Soeur : Comment tu sais ça ?
Frère : Relance les dés.

Famille 1 : séance 1

Thérapeute : Voulez-vous qu’on parle de votre mère ?
L’homme : C’est obligé ? Car je n’ai rien à en dire.
Thérapeute : Non ce n’est pas « obligé ». C’est à vous de voir. Si vous n’avez rien à en dire peut-être avez-vous simplement quelque chose à lui dire.
L’homme : Pourquoi le dire à vous dans ce cas ?
Thérapeute : Vous l’auriez dit.
L’homme : [après un temps] Maman, je ne prends pas de sucre dans mon café.

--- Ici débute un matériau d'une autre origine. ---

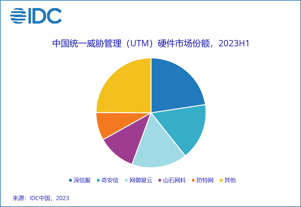IDC定义下的网络安全硬件市场分别由统一威胁管理 (UTM)、基于UTM平台的防火墙 (UTM Firewall) 、安全内容管理(SCM)、入侵检测与防御 (IDP)、虚拟专用网(VPN)和传统防火墙 (Traditional Firewall) 构成。
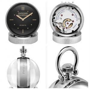 In edizione limitata a 300 esemplari il Luminor 1950 Special Edition in titanio DLC, cassa ø mm 47, movimento manuale P.3000 e infine (mancava) un orologio da scrivania, non tutti infatti amano le pendole e questo table clock carica manuale 8 gg dal design originale, racchiuso in una sfera di vetro minerale e con due tipi di quadrante , è perfetto per un manager.
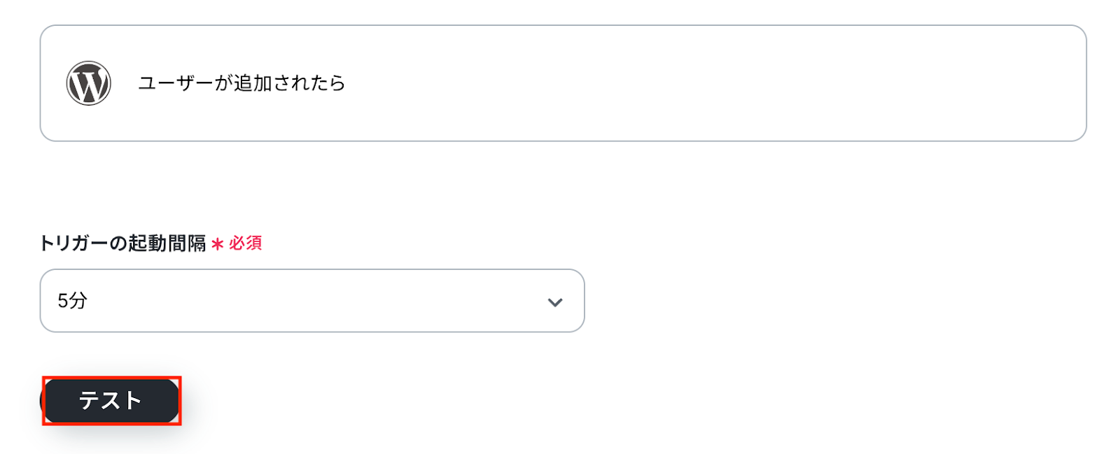 入力が完了したら、設定内容とトリガーの動作を確認するため「テスト」をクリックします。

L’homme : Le thérapeute que ma femme m’envoie voir voulait que je lui parle de toi.
Sa mère : Pour quoi faire ?
L’homme : Je ne sais pas. Il y revient souvent c’est tout. A chaque séance il lance le sujet.
Sa mère : Je me demande vraiment pourquoi tu vas voir un charlatan pareil. Qu’est-ce qui lui est passé par la tête par la tête à ton idiote de femme de t’envoyer voir un charlot pareil ?
L’homme : Elle pense que ça peut m’aider, c’est tout. Il n’y a pas de mal à ça.
Sa mère : Ce qui t’aiderait c’est que cette femme arrête de te faire perdre ton argent à tout va ! Qu’est-ce que dirait ton père ? Tu le sais ce que dirait ton père ?
L’homme : Bien sûr que je le sais, il dirait exactement la même chose que toi.
[un temps]
Sa mère : Et qu’est-ce que tu lui as dit alors ? Sur moi ?
L’homme : Que tu ne te rappelais jamais que ne prenais pas de sucre dans mon café.